El consumo de medios cayó por primera vez en tres años: los usuarios del AMBA pasan casi 16 horas diarias conectados y la IA ya alcanza al 95%. Según la 5ta edición del Observatorio de Medios y Entretenimiento (OdM) de UADE, todas las categorías de consumo -audiovisual, audio, lectura, videojuegos y redes sociales- retrocedieron y regresaron a valores similares a los de 2021 y 2022. Los errores más frecuentes al utilizar estos sistemas en el periodismo van desde problemas de atribución en las fuentes e información inventada o desactualizada hasta falta de transparencia de los medios y uso no declarado en generación de imágenes o videos.
Según las predicciones del reporte 2026 del Instituto Reuters, los medios terminarán priorizando coberturas originales y sobre el terreno, análisis contextual, historias humanas, investigación y verificación. Las temáticas que pasarán a segundo plano serán el periodismo de servicios, los contenidos atemporales (los famosos evergreen) y las noticias generales. Reorientarán su contenido con el fin de ofrecer periodismo difícil de replicar por chatbots de IA.
Además del qué, importa el dónde. Los jóvenes de 18 a 24 años son ahora lo que se conoce como ‘social-first’ en lugar de ‘online-first’, cuando se trata de noticias. Se informan principalmente por YouTube, TikTok e Instagram. Y dentro de esos canales, les prestan más atención a los creadores de contenido que a los medios. La ecuación se da vuelta para los mayores de 55 años, que se informan por los medio.
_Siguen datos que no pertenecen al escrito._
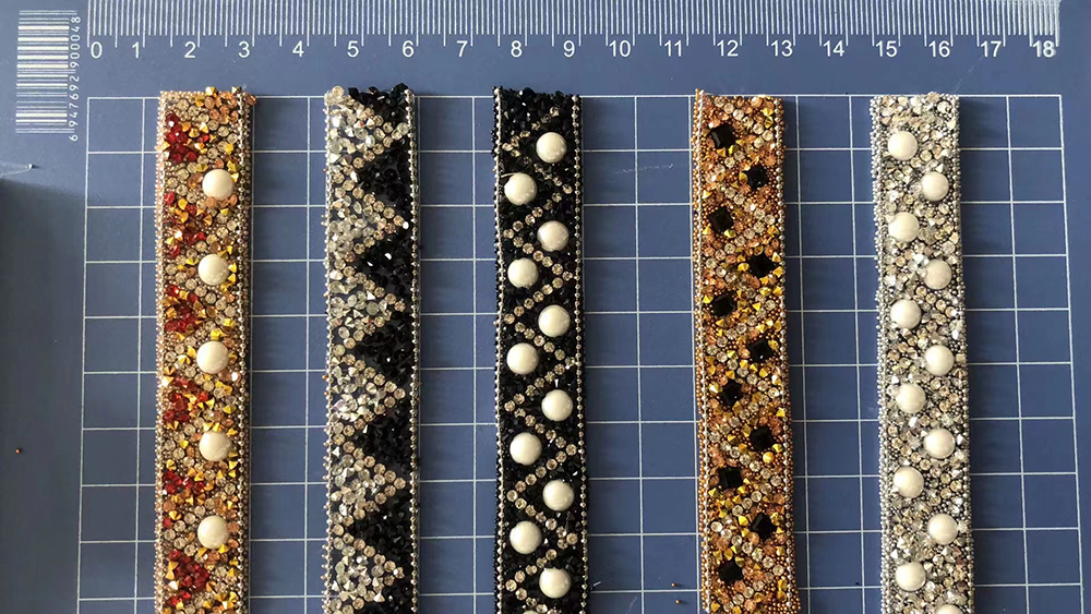 Hot fix rhinestone ribbon are made by rhinestones, crystals, resin beads, pearls, rhinestone cups, metal chains, chaton crystals, etc.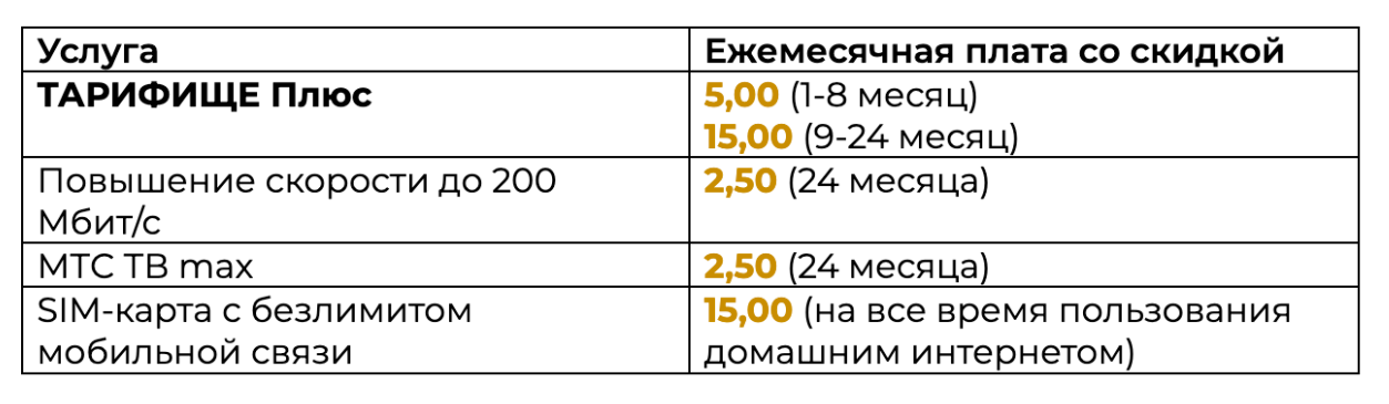 К базовому пакету легко добавить опции: скорость до 200 Мбит/с, МТС ТВ с более чем 120 каналами и до 3-х SIM-карт с безлимитной мобильной связью. Все оборудование — роутер и ТВ-приставка — обойдется в символическую стоимость по 1 рублю.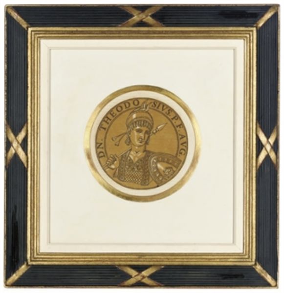| Portrait Medallions of Roman Emperors: Otho dei Gratia Rex; Claudius Caesar; Caes. Aemillianus; and Theodosius | |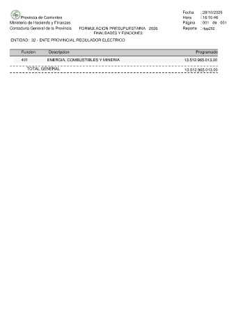 Contaduria General de la Provincia FORMULACION PRESUPUESTARIA 2026 Reporte : rfpp202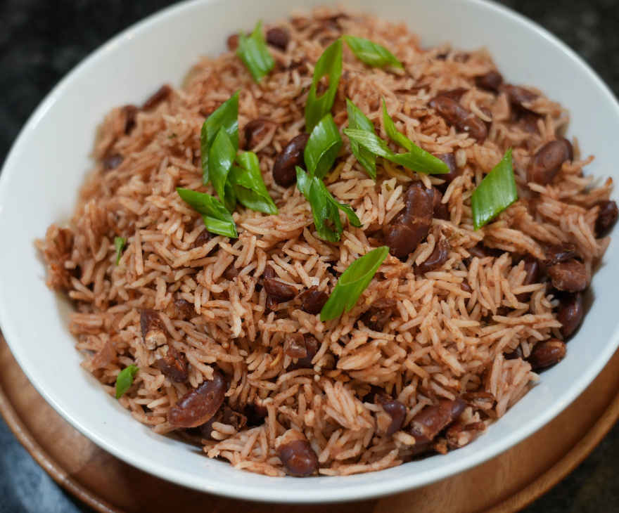 Diri Kole is a traditional Haitian brown rice dish cooked with red kidney beans, herbs, garlic, and a flavorful blend of spices. Simmered in coconut milk and seasoned to perfection, this comforting side pairs beautifully with any meat or seafood entrée, offering a true taste of Haitian home cooking.

Consultado por Tiempo, Álvaro Liuzzi, investigador y autor de la Guía de Periodismo IA de Redacciones 5G, indica que la crisis de los medios no es únicamente económica ni tecnológica, sino una transformación profunda en la manera en que las personas se informan, confían y construyen sentido: «En ese contexto, el desafío para las redacciones pasa menos por producir más contenido y más por recuperar relevancia, identidad y vínculo con sus audiencias».
Las tres fuerzas disruptivas del periodismo, según lo mencionado en la nota, son la IA generativa, el giro hacia el contenido basado en personalidades como creadores o influencers y las redes sociales en crisis por la predominancia del video. ¿Las recomendaciones de los expertos para lo que vendrá? Contenidos híper locales, formatos multiplataformas y distribuir el contenido en canales emergentes.